**ACTIVITY**
Type the entries out again exactly as they read, but leave every picture behind.

(Dataset entries)
/---

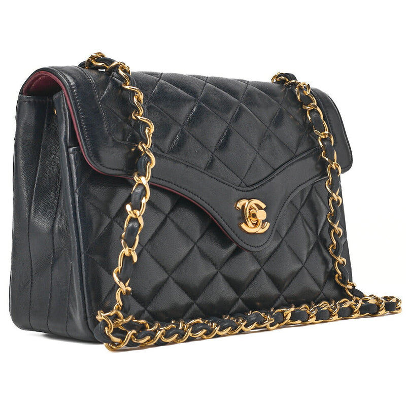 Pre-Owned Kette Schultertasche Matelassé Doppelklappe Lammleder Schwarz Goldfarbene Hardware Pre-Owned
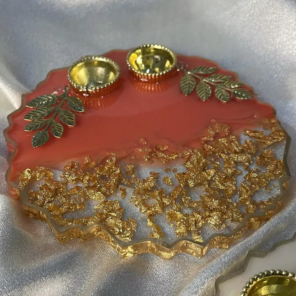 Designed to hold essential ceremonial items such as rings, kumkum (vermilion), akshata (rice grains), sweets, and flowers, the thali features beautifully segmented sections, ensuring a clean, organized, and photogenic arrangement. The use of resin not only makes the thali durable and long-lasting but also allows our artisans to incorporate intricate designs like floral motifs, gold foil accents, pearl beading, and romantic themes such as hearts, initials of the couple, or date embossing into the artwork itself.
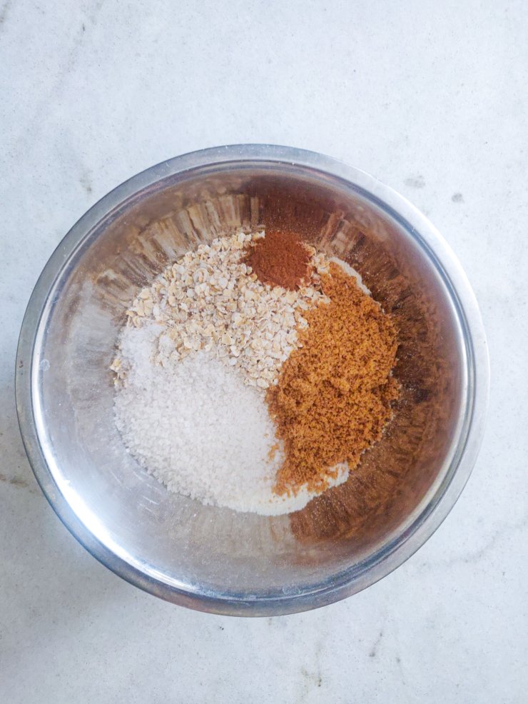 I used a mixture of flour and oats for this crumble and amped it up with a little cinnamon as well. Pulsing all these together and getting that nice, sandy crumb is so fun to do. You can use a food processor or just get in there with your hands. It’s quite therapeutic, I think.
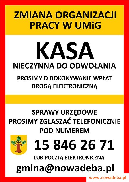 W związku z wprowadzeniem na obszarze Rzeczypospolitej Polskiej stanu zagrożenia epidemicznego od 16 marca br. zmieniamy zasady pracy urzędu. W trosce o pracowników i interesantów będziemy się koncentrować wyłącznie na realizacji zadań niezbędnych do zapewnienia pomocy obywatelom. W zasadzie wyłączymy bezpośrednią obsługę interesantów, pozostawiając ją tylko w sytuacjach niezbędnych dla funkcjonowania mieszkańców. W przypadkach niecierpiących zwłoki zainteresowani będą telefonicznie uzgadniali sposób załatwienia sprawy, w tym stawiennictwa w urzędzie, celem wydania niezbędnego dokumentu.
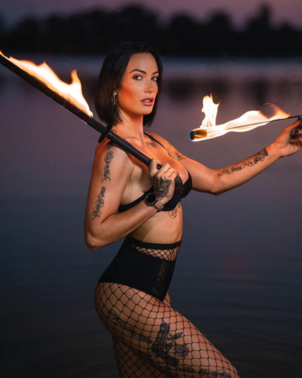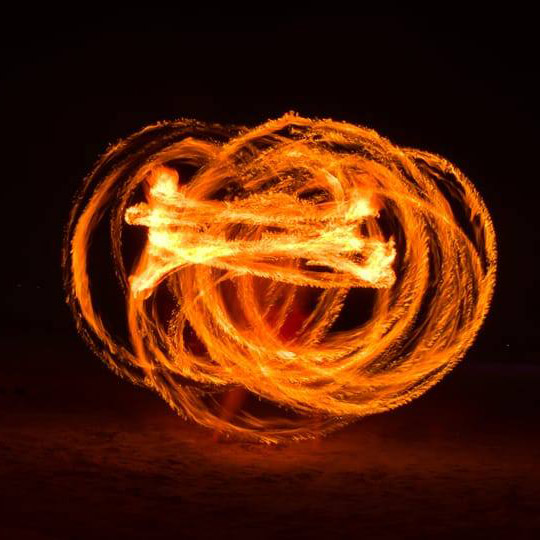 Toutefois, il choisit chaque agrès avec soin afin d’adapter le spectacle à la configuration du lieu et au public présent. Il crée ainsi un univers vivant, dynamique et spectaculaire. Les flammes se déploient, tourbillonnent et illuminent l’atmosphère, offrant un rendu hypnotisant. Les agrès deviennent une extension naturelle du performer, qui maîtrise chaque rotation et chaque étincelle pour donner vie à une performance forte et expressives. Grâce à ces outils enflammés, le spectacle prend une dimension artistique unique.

\---

**SOLUTION TO THIS TASK**
 Pre-Owned Kette Schultertasche Matelassé Doppelklappe Lammleder Schwarz Goldfarbene Hardware Pre-Owned
 Designed to hold essential ceremonial items such as rings, kumkum (vermilion), akshata (rice grains), sweets, and flowers, the thali features beautifully segmented sections, ensuring a clean, organized, and photogenic arrangement. The use of resin not only makes the thali durable and long-lasting but also allows our artisans to incorporate intricate designs like floral motifs, gold foil accents, pearl beading, and romantic themes such as hearts, initials of the couple, or date embossing into the artwork itself.
 I used a mixture of flour and oats for this crumble and amped it up with a little cinnamon as well. Pulsing all these together and getting that nice, sandy crumb is so fun to do. You can use a food processor or just get in there with your hands. It’s quite therapeutic, I think.
 W związku z wprowadzeniem na obszarze Rzeczypospolitej Polskiej stanu zagrożenia epidemicznego od 16 marca br. zmieniamy zasady pracy urzędu. W trosce o pracowników i interesantów będziemy się koncentrować wyłącznie na realizacji zadań niezbędnych do zapewnienia pomocy obywatelom. W zasadzie wyłączymy bezpośrednią obsługę interesantów, pozostawiając ją tylko w sytuacjach niezbędnych dla funkcjonowania mieszkańców. W przypadkach niecierpiących zwłoki zainteresowani będą telefonicznie uzgadniali sposób załatwienia sprawy, w tym stawiennictwa w urzędzie, celem wydania niezbędnego dokumentu.
 Toutefois, il choisit chaque agrès avec soin afin d’adapter le spectacle à la configuration du lieu et au public présent. Il crée ainsi un univers vivant, dynamique et spectaculaire. Les flammes se déploient, tourbillonnent et illuminent l’atmosphère, offrant un rendu hypnotisant. Les agrès deviennent une extension naturelle du performer, qui maîtrise chaque rotation et chaque étincelle pour donner vie à une performance forte et expressives. Grâce à ces outils enflammés, le spectacle prend une dimension artistique unique.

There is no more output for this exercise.